We had to do this for a link shortening system (to make sure random base64 didn't contain profanity). It was a pretty fun problem. Not just the implementation, but doing the math to make sure it didn't make our shortened links easily enumerable. The implementation wasn't too bad, but we set up logging initially to spit out any random strings it decided to block. I demo'd this in front of the whole company and live tailed the logs and the first one that popped up during the demo was a big ole F bomb. It made for an excellent demo.
Fascinating! I guess an easy solution is to inject non alpha characters into any generated string.
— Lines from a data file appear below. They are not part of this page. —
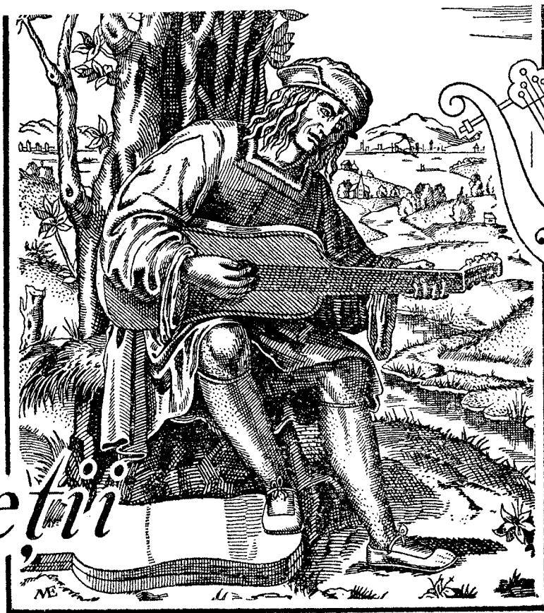
După o gravură din Secolul al XVI-lea a lui Marcantonio Raimondi.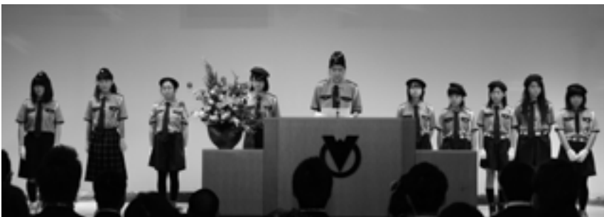
交通安全少年隊から交通安全の呼びかけ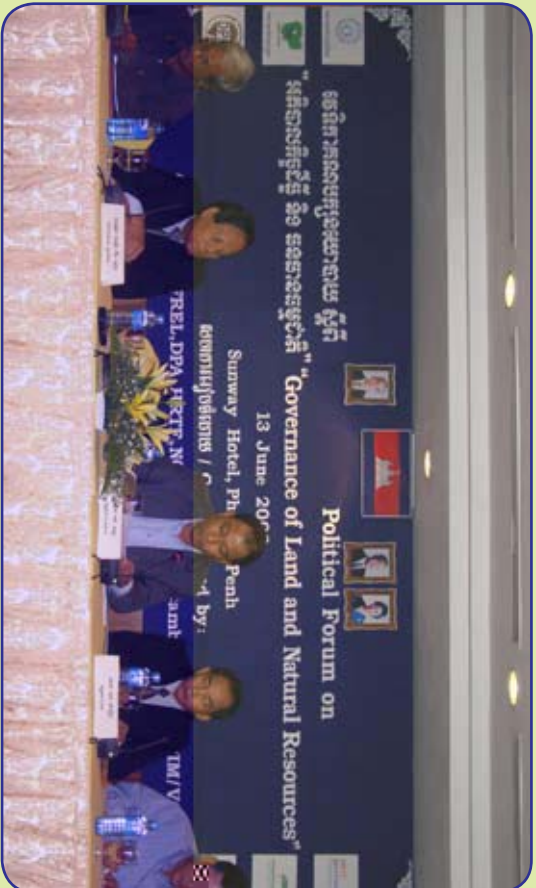
វេទិកាគណបក្សនយោបាយស្តីពី អភិបាលកិច្ចដីធ្លី និងធនធានធម្មជាតិរៀបចំឡើង ដោយ សមាគមអង្គការមិនមែនរដ្ឋាភិបាល

I imagine a constraint was that you wanted them to be easy to type?
SMS is the biggest constraint. Unicode characters trigger lower segment char limits (effectively doubling the cost of a 71 char text message). And also it's important that the links can be clicked on a smartphone. So url-safe base64 (some shorteners use base62). And numbers can be N4u6hty too, so you gotta catch those cases.
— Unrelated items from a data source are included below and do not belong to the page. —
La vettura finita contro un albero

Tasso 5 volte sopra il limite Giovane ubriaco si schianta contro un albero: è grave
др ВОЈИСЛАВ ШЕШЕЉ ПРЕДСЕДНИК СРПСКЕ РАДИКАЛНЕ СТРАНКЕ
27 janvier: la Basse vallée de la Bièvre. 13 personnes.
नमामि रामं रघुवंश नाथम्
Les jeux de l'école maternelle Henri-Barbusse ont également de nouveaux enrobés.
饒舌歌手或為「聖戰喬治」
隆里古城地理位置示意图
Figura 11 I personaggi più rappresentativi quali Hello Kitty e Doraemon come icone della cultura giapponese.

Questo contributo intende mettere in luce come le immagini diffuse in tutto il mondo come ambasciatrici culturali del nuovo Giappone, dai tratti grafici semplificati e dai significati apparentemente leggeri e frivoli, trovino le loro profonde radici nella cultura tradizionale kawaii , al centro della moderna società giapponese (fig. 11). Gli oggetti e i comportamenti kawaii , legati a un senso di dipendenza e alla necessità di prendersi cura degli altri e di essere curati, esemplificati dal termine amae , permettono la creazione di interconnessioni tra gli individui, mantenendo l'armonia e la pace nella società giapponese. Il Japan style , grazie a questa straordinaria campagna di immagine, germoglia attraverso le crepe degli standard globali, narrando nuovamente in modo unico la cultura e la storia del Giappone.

Goodness the scope of the problem just exploded in my mind after this explanation.
The hardest problem with the implementation was that with a long list you can't just search for a few dozen inappropriate words (like the Twitch implementation). It would be very expensive to do hundreds or even thousands of checks against every inappropriate word.
The solution we came to was to truncate all the inappropriate words to either 3 or 4 letters and store them in a big set. We then take our generated strings, which are usually 11 characters, and break them up into all possible substrings of lengths 3 and 4. For example, 1a2b3c4d5e6 would be broken down into 1a2 a2b 2b3 b3c 3c4 c4d 4d5 5e6 1a2b a2b3 2b3c b3c4 3c4d c4d5 4d5e d5e6. An 11 character string would always have 16 such substrings. We then check all 16 against the banned set. 16 lookups into a set is pretty cheap and as we have expanded the word set over time (e.g. add a new language) our performance hasn't changed.
One drawback to our approach is that we do have false positives but we did the math and our space was still large enough, the cost of generating a new one was pretty low, and customers never see it so it's just not a big deal to throw out false positives.